§ **Activity**: In your copy, repeat the records exactly and leave out the pictures.

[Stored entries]

************

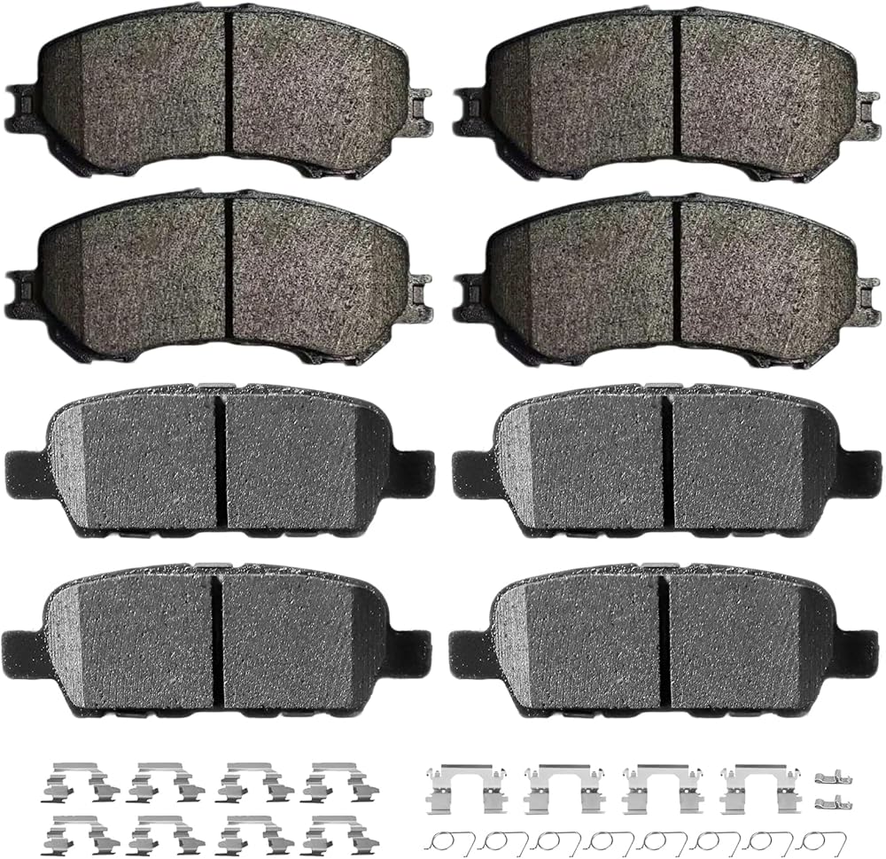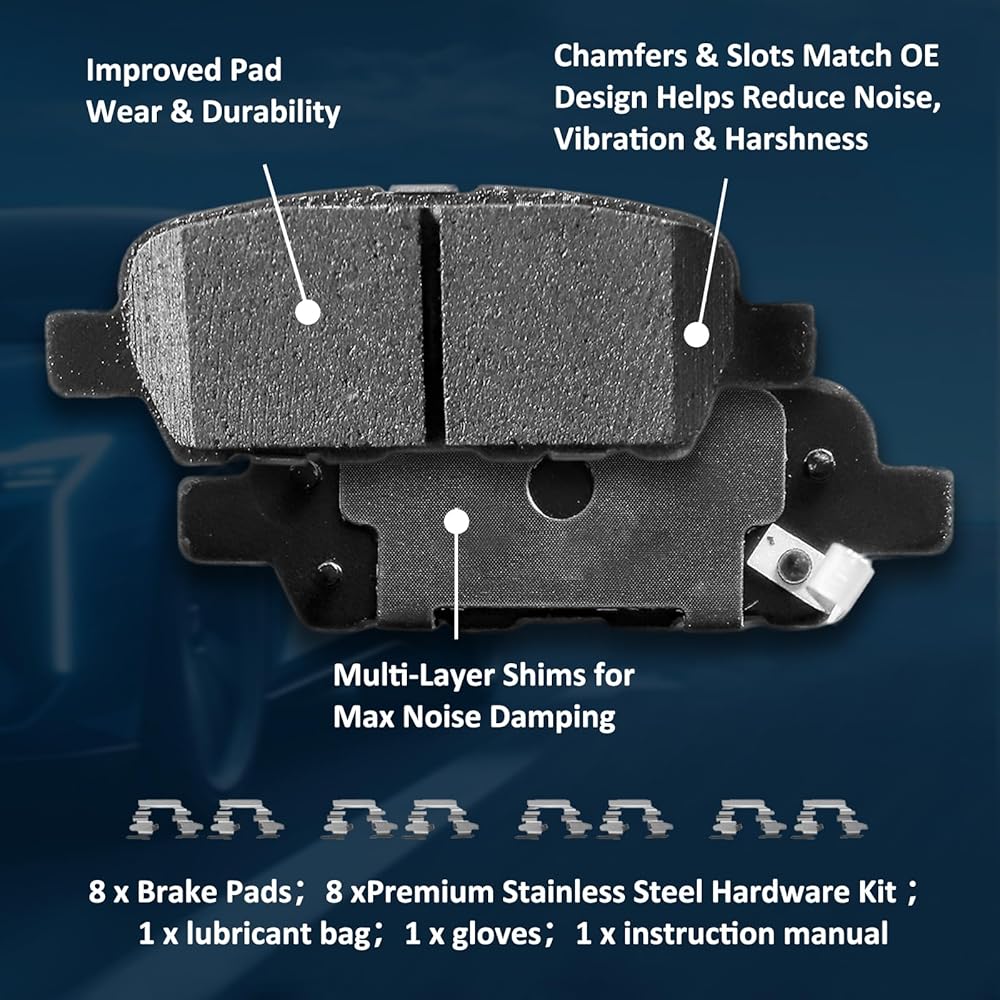 【Basic Info.】Replaces Number:D785-7653 D792-7700;The product package contains 8 Pieces Front and Rear Brake Pads,Premium Stainless Steel Hardware Kit Included,1 x lubricant bag, 1 x gloves and 1 x instruction manual
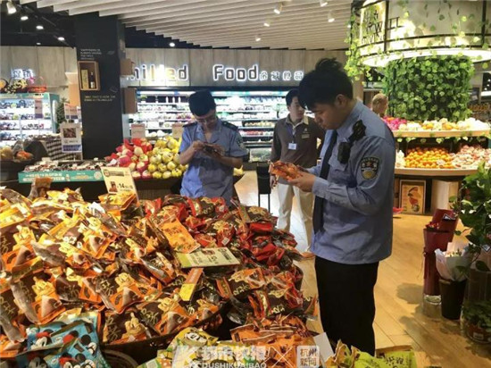 凯旋市场监督管理所执法人员在绿地众选超市检查粽子等食品
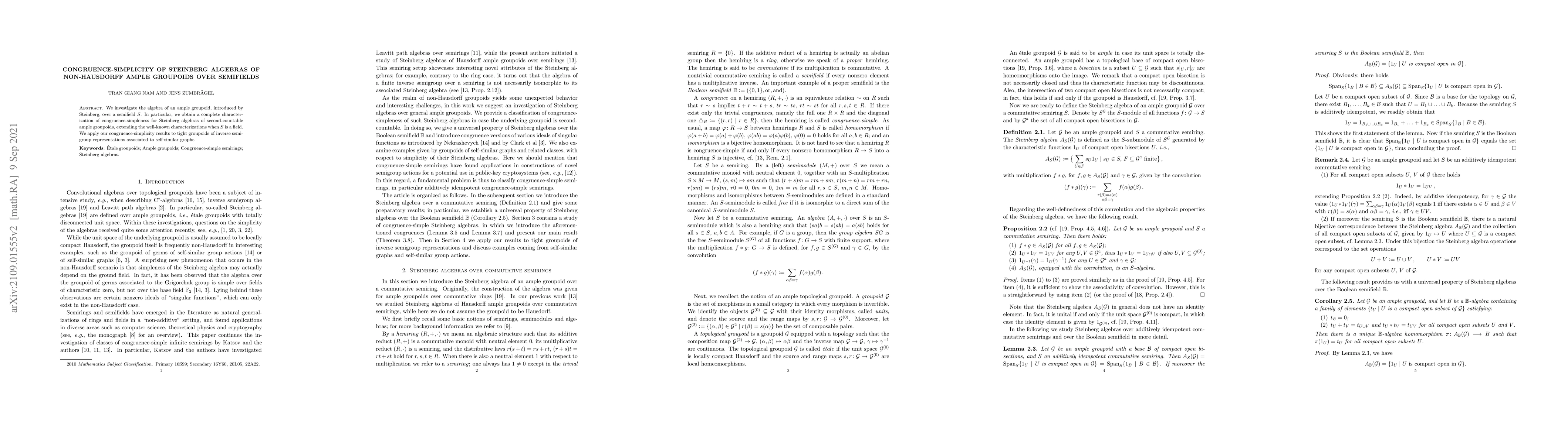This paper explores the congruence-simplicity of Steinberg algebras for second-countable ample groupoids over semifields, providing a complete characterization that extends existing field-based results. The findings are applied to tight groupoids of inverse semigroup representations linked to self-similar graphs.
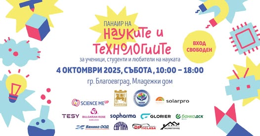 За втора поредна година ScienceMeUp (Университет за деца) и община Благоевград организират Панаир на науките и технологиите. През целия ден на 4 октомври (събота) от 10:00 ч. до 18:00 ч. в Младежкия дом граждани и гости на град Благоевград ще могат напълно свободно да посетят научни и технологични щандове. Посетителите ще наблюдават удивителни експерименти по природни науки и ще се запознаят с вълнуващи инженерни инсталации от света на роботиката и автоматизацията.
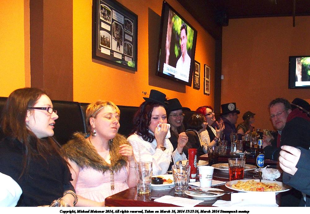 Picture #29: March 2014 Steampunk meetup #4 675x923, 89,768 bytes (88K), (html file) Copyright, Michael Meissner 2014, All rights reserved Olympus Stylus-1 camera f/2.8, ISO 100, flash, 1/60 sec, 6.0mm, auto mode, vivid color, SHQ, matrix metering, IS Auto, noise reduction auto, noise filter low 35mm equivalent focal length 28.0mm Programs used: crop, raw therapee, rotate left Taken by Michael Meissner on March 16, 2014 14:25:37 Last modified on March 30, 2014 at 16:18 |
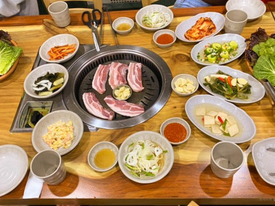 금수강산은 일산 고양동에서 오랫동안 운영해 온 생고기 맛집이다. 주택 스타일의 외관과 밖에서 차 마시는 원두막 모양의 공간이 정겨운 느낌을 준다. 내부는 입식 테이블 좌석이 넓게 마련되어 있고 개별 룸도 많아 소규모 모임이나 가족 모임에 적당하다. 메뉴로는 생등심, 수제돼지갈비양념구이, 생삼겹살 등이 있고, 주꾸미 쌈밥정식, 제육 쌈밥정식도 있다. 쌈 채소를 직접 재배해 손님상에 내놓는다. 기본 반찬은 정갈하고 담백한 맛이며, 식당 앞에 주차장이 넓게 있다.
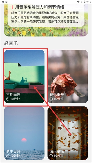 1、在首页找到并点击【轻音乐】功能图标,进入轻音乐页面后,就能通过音乐来调节自己的情绪了。
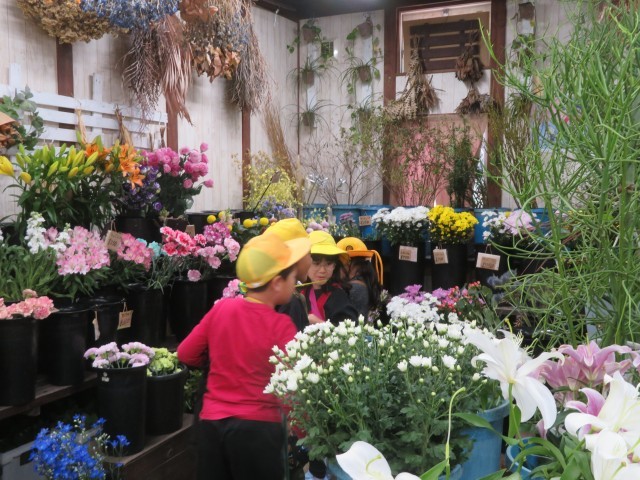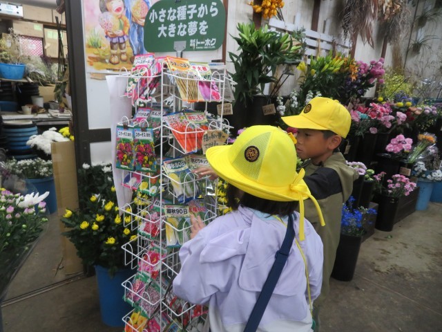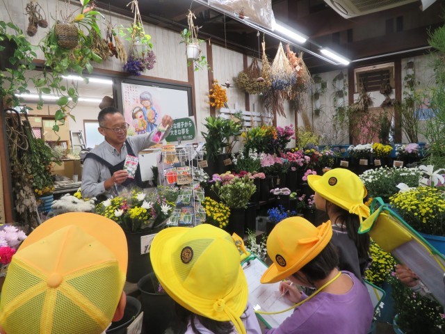 今日は花つばきへ町探検に出かけました。お花屋さんの大変さや、やりたい仕事に向かってがんばる気持ちを教えていただきました。
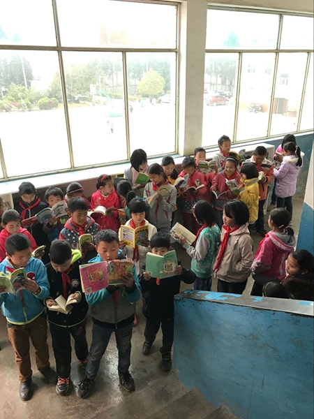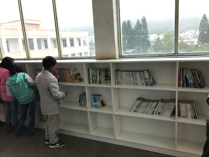 贵州新田小学的小学生正在开心的阅读同学们捐赠的图书
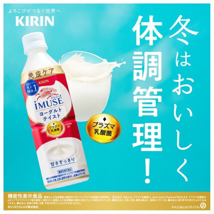 ●「キリン イミューズ ヨーグルト」はプラズマ乳酸菌の働きで、健康な人の免疫機能の維持に役立つことが報告されています。
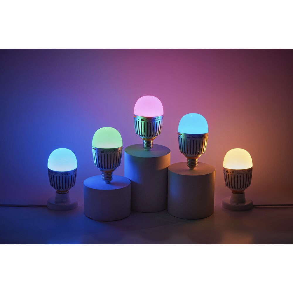 Haz realidad tus ideas creativas con la fuente de luz creativa Godox C7R RGBWW (versión con batería). Esta fuente de luz LED, compacta pero potente, ofrece opciones de alimentación flexibles, incluida una batería integrada para uso portátil o una entrada USB-C para un funcionamiento ininterrumpido. Con una potencia de 101 luxos a 3,3' (5500 K), el C7R proporciona una iluminación sin parpadeos y uniforme en una amplia gama de ajustes de color. Los modos RGB, HSI, gel y selección de colores totalmente ajustables, junto con un rango de CCT de 2000 a 10 000 K, permiten un control preciso del tono, la saturación y la intensidad. La alta fidelidad cromática está garantizada gracias a un CRI de 96 y un TLCI de 98, mientras que la regulación continua de 0 a 100 % se adapta a cualquier escena. La bombilla es compatible con casquillos estándar E26/E27 y ofrece control adicional a través de la aplicación Godox Light App, que permite agrupar dispositivos, regular la intensidad de forma remota y personalizar completamente los colores para un ajuste fluido de la iluminación. Compacta, portátil y fácil de usar, la Godox C7R es una herramienta imprescindible para fotógrafos, cineastas y creadores de contenido.
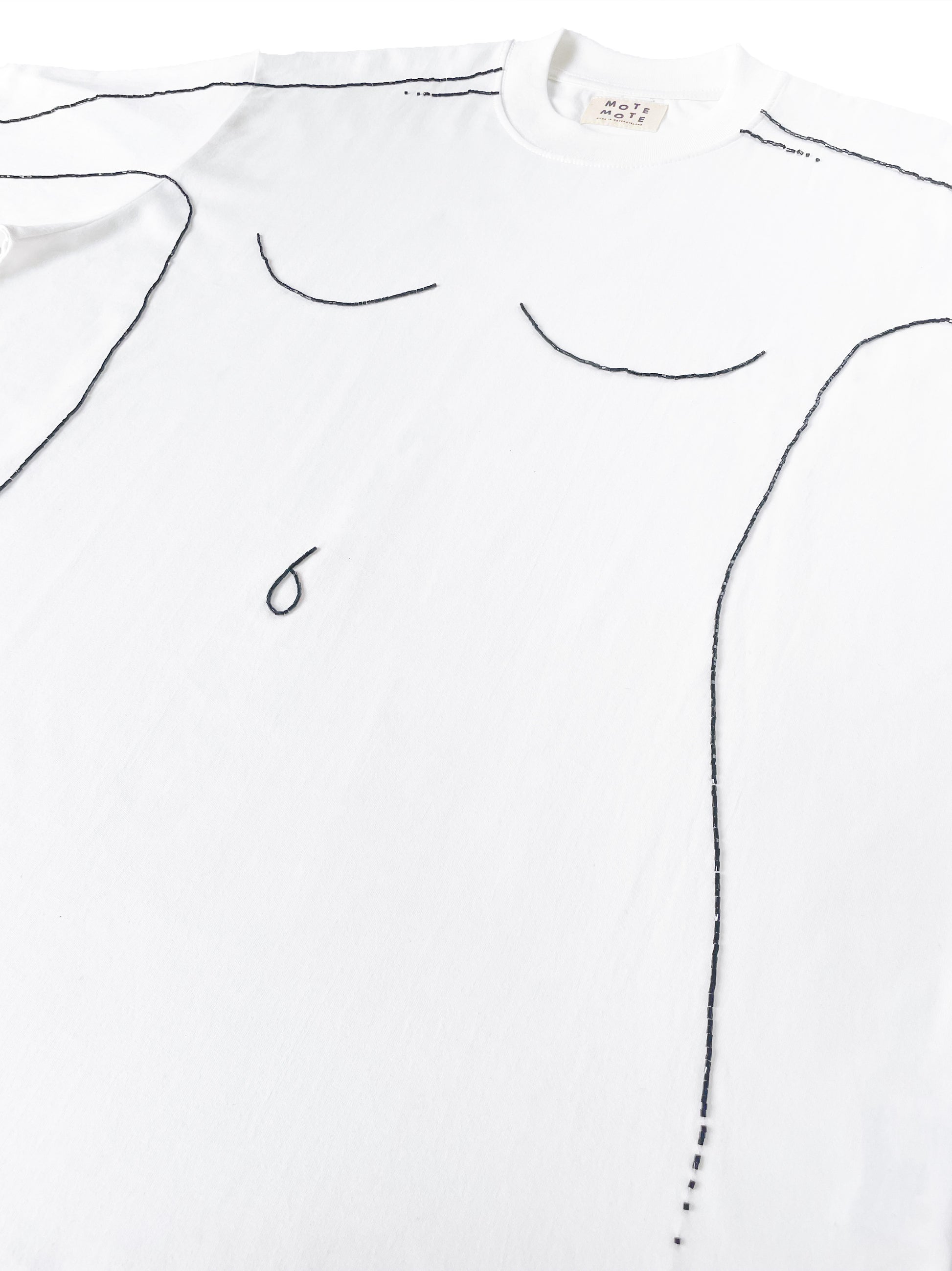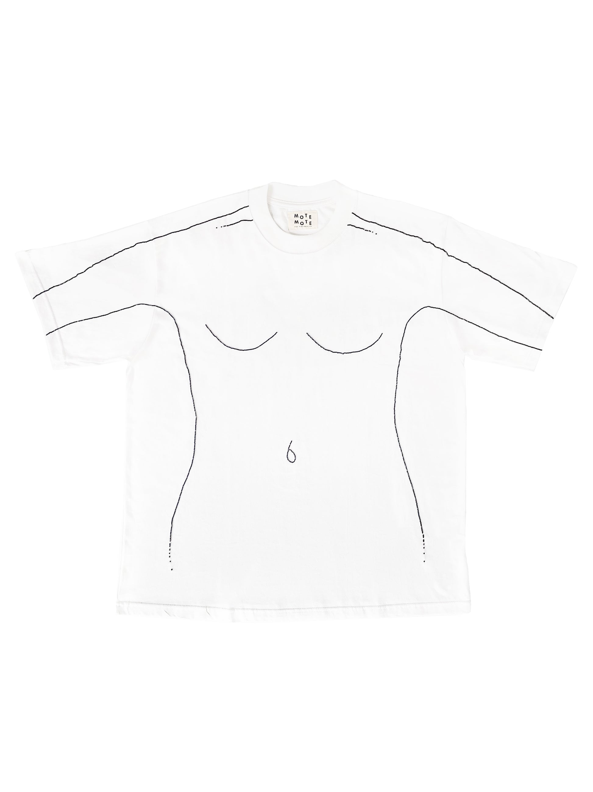 Oversized cut crew neck Tee in soft cotton made in unisex fitting. Adorned with monochromatic hand-beaded body silhouette detailing.
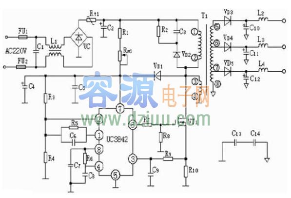 接輸出電壓取樣信號,也稱反饋信號。 <<版權聲明:本文由容源電子網(wǎng)(www_dziuu_com)整理提供,部分內(nèi)容來源于網(wǎng)絡,如有侵犯到你的權利請與我們聯(lián)系更正。》
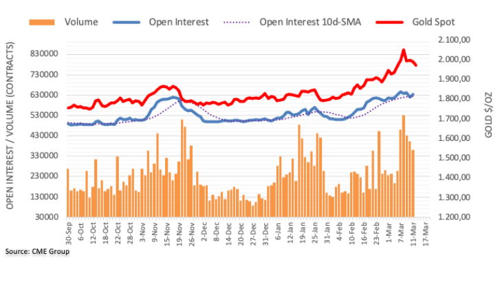 根据芝加哥商业交易所集团最新数据,上周五黄金期货市场的未平仓合约增长约1.57万份,逆转此前跌势。另一方面,成交量连续第三日下降,此次下降近4.4万份合约。 金价将再度测试1900美元/盎司 周五金价下跌之际未平仓合约增加,打开了短线进一步下跌的大门。金价料进一步下跌至1900美元(3月1日录得的月度低点

************

§ **Solution to this exercise**:
 【Basic Info.】Replaces Number:D785-7653 D792-7700;The product package contains 8 Pieces Front and Rear Brake Pads,Premium Stainless Steel Hardware Kit Included,1 x lubricant bag, 1 x gloves and 1 x instruction manual
 凯旋市场监督管理所执法人员在绿地众选超市检查粽子等食品
This paper explores the congruence-simplicity of Steinberg algebras for second-countable ample groupoids over semifields, providing a complete characterization that extends existing field-based results. The findings are applied to tight groupoids of inverse semigroup representations linked to self-similar graphs.
 За втора поредна година ScienceMeUp (Университет за деца) и община Благоевград организират Панаир на науките и технологиите. През целия ден на 4 октомври (събота) от 10:00 ч. до 18:00 ч. в Младежкия дом граждани и гости на град Благоевград ще могат напълно свободно да посетят научни и технологични щандове. Посетителите ще наблюдават удивителни експерименти по природни науки и ще се запознаят с вълнуващи инженерни инсталации от света на роботиката и автоматизацията.
 Picture #29: March 2014 Steampunk meetup #4 675x923, 89,768 bytes (88K), (html file) Copyright, Michael Meissner 2014, All rights reserved Olympus Stylus-1 camera f/2.8, ISO 100, flash, 1/60 sec, 6.0mm, auto mode, vivid color, SHQ, matrix metering, IS Auto, noise reduction auto, noise filter low 35mm equivalent focal length 28.0mm Programs used: crop, raw therapee, rotate left Taken by Michael Meissner on March 16, 2014 14:25:37 Last modified on March 30, 2014 at 16:18 |
 금수강산은 일산 고양동에서 오랫동안 운영해 온 생고기 맛집이다. 주택 스타일의 외관과 밖에서 차 마시는 원두막 모양의 공간이 정겨운 느낌을 준다. 내부는 입식 테이블 좌석이 넓게 마련되어 있고 개별 룸도 많아 소규모 모임이나 가족 모임에 적당하다. 메뉴로는 생등심, 수제돼지갈비양념구이, 생삼겹살 등이 있고, 주꾸미 쌈밥정식, 제육 쌈밥정식도 있다. 쌈 채소를 직접 재배해 손님상에 내놓는다. 기본 반찬은 정갈하고 담백한 맛이며, 식당 앞에 주차장이 넓게 있다.
 1、在首页找到并点击【轻音乐】功能图标,进入轻音乐页面后,就能通过音乐来调节自己的情绪了。
 今日は花つばきへ町探検に出かけました。お花屋さんの大変さや、やりたい仕事に向かってがんばる気持ちを教えていただきました。
 贵州新田小学的小学生正在开心的阅读同学们捐赠的图书
 ●「キリン イミューズ ヨーグルト」はプラズマ乳酸菌の働きで、健康な人の免疫機能の維持に役立つことが報告されています。
 Haz realidad tus ideas creativas con la fuente de luz creativa Godox C7R RGBWW (versión con batería). Esta fuente de luz LED, compacta pero potente, ofrece opciones de alimentación flexibles, incluida una batería integrada para uso portátil o una entrada USB-C para un funcionamiento ininterrumpido. Con una potencia de 101 luxos a 3,3' (5500 K), el C7R proporciona una iluminación sin parpadeos y uniforme en una amplia gama de ajustes de color. Los modos RGB, HSI, gel y selección de colores totalmente ajustables, junto con un rango de CCT de 2000 a 10 000 K, permiten un control preciso del tono, la saturación y la intensidad. La alta fidelidad cromática está garantizada gracias a un CRI de 96 y un TLCI de 98, mientras que la regulación continua de 0 a 100 % se adapta a cualquier escena. La bombilla es compatible con casquillos estándar E26/E27 y ofrece control adicional a través de la aplicación Godox Light App, que permite agrupar dispositivos, regular la intensidad de forma remota y personalizar completamente los colores para un ajuste fluido de la iluminación. Compacta, portátil y fácil de usar, la Godox C7R es una herramienta imprescindible para fotógrafos, cineastas y creadores de contenido.
 Oversized cut crew neck Tee in soft cotton made in unisex fitting. Adorned with monochromatic hand-beaded body silhouette detailing.
 接輸出電壓取樣信號,也稱反饋信號。 <<版權聲明:本文由容源電子網(wǎng)(www_dziuu_com)整理提供,部分內(nèi)容來源于網(wǎng)絡,如有侵犯到你的權利請與我們聯(lián)系更正。》
 根据芝加哥商业交易所集团最新数据,上周五黄金期货市场的未平仓合约增长约1.57万份,逆转此前跌势。另一方面,成交量连续第三日下降,此次下降近4.4万份合约。 金价将再度测试1900美元/盎司 周五金价下跌之际未平仓合约增加,打开了短线进一步下跌的大门。金价料进一步下跌至1900美元(3月1日录得的月度低点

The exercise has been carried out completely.